The Mortgage Bankers survey also showed that the percentage of home loans that began the process of foreclosure in the fourth quarter of 2002 dropped to 0.35 percent, down from 0.37 percent in the third quarter.
While that represented a small decline in new foreclosures in the final quarter of 2002 from the previous quarter, the percentage of all loans in the process of foreclosure rose to 1.18 percent, a record quarterly level. That surpassed a previous record of 1.15 percent, reached in the third quarter of that same year.
Duncan said he hoped those figures meant that foreclosures may be peaking. But given the stagnant job market situation, that may not be the case, he said.

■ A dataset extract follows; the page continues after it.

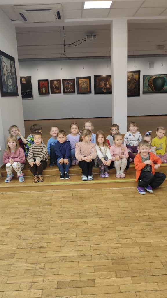 W grudniowy poranek nasze przedszkolaki wybrały się na wyjątkową wyprawę do Galerii Sleńdzińskich w Białymstoku. Celem wizyty było obejrzenie wystawy „Retrospekcja” autorstwa Dymitra Grozdewa. Dzieci z dużą ciekawością odkrywały barwny świat sztuki – przyglądały się obrazom, rozmawiały o kolorach, kształtach i o tym, co widzą na poszczególnych pracach. Wspólnie zastanawialiśmy się, co mogło inspirować artystę i jakie emocje kryją się w jego dziełach.
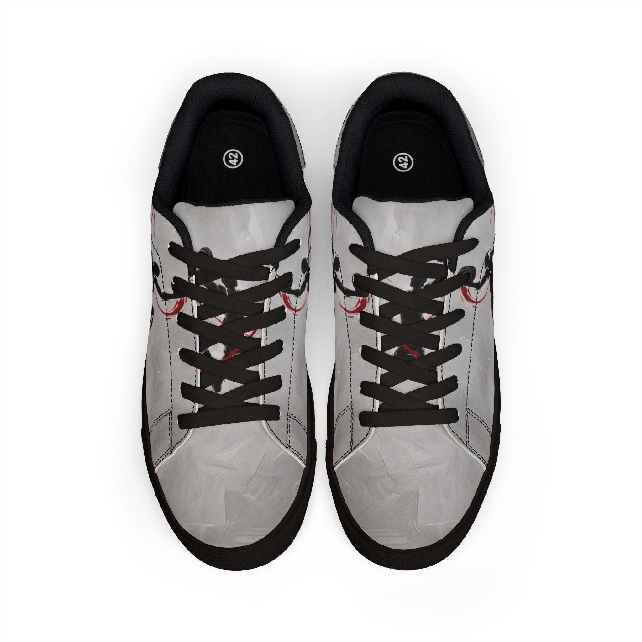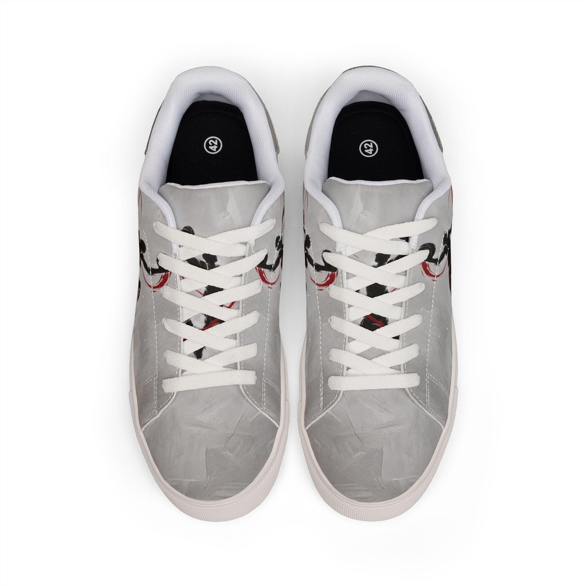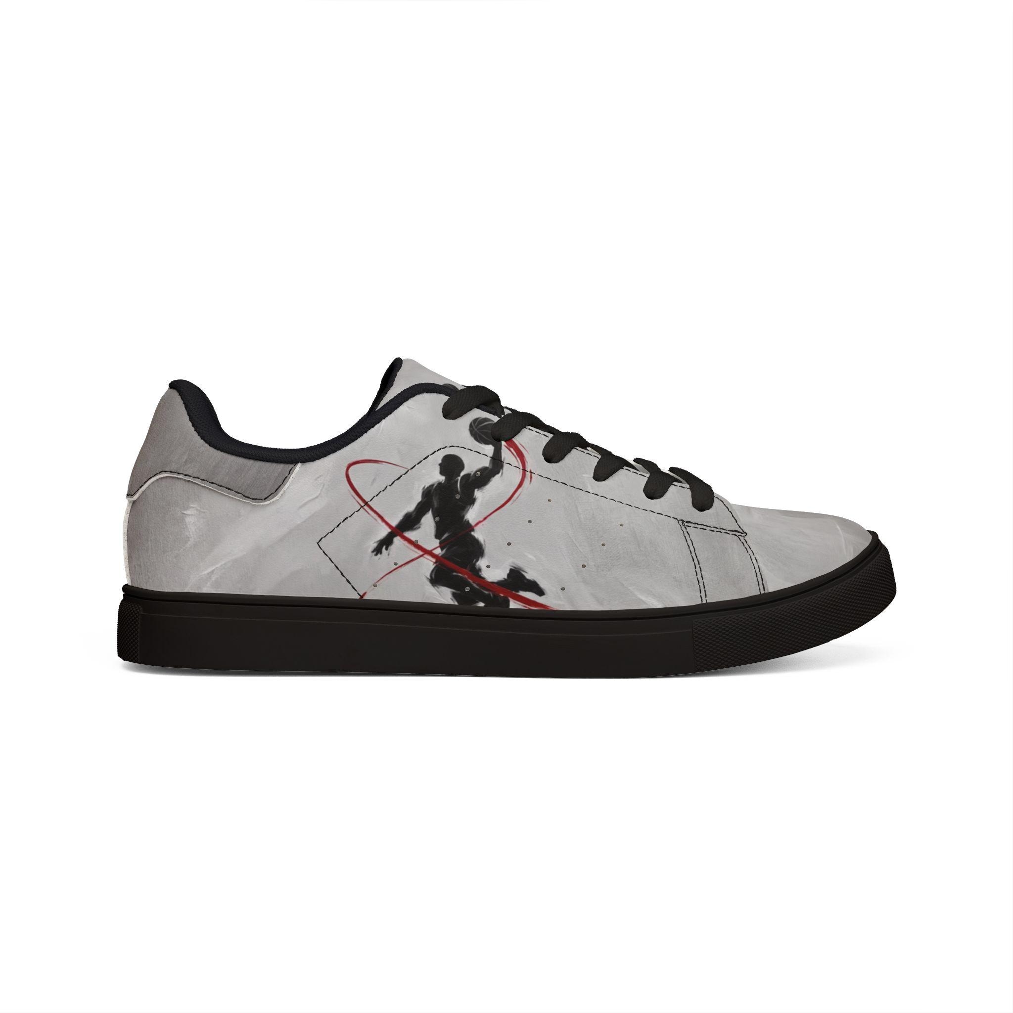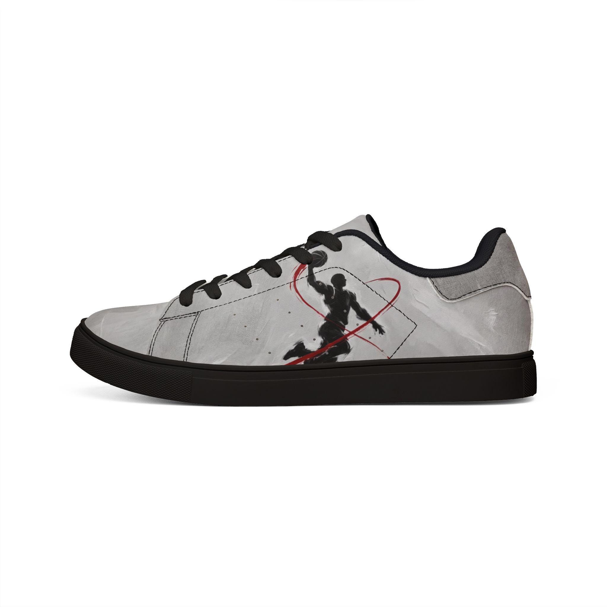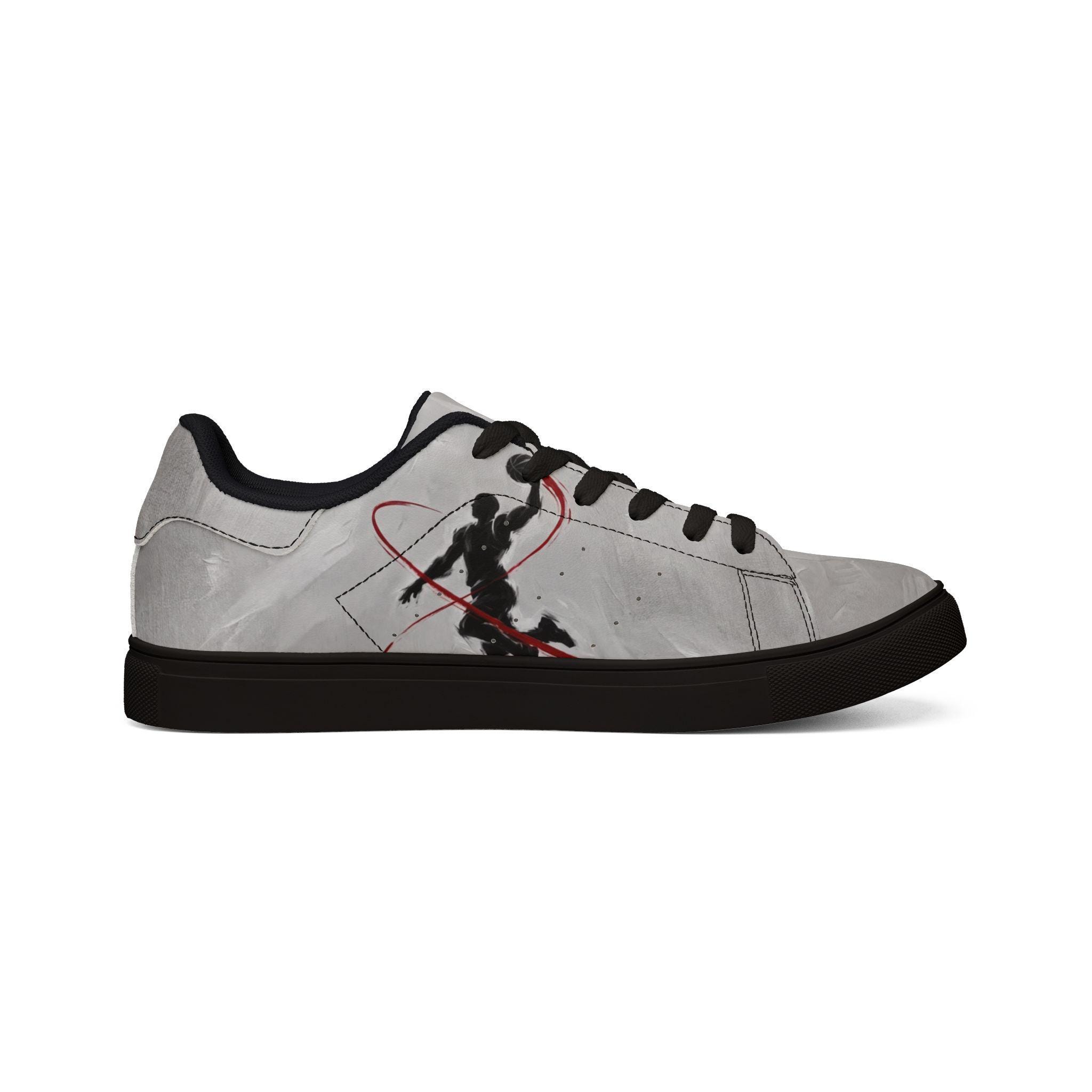 These low-top leather sneakers blend street-ready attitude with everyday comfort. The smooth microfiber PU upper gives the look of genuine leather while staying easy to maintain. A lace-up closure locks your foot in place for confident steps, and the rubber outsole with an EVA cushioning layer softens impacts whether you’re walking city blocks or hanging out with friends. A subtle, energetic silhouette graphic and tonal stitching options (black or white sole variants) add quiet style without shouting. Available in a wide size range to fit adult feet comfortably.

"We are not out of the woods," Duncan said.
Last week, the average interest rate on a 30-year fixed-rate mortgage rose to 5.79 percent, from a record low rate of 5.61 percent the week before, according to Freddie Mac, the mortgage company.
Low mortgage rates propelled home sales and home-mortgage refinancing activity to records last year. As consumers swap higher-interest-rate home loans for lower-interest-rate ones, the extra cash has helped to support consumer spending. So have rising home values.
Federal Reserve Chairman Alan Greenspan said this month he expected the housing market to cool a bit this year, which would slow consumer spending, one of the main forces fueling the economy.
Higher mortgage rates would "take some starch out of refinance activity," Duncan said. But he and other economists continue to believe the housing and refinance business will remain healthy.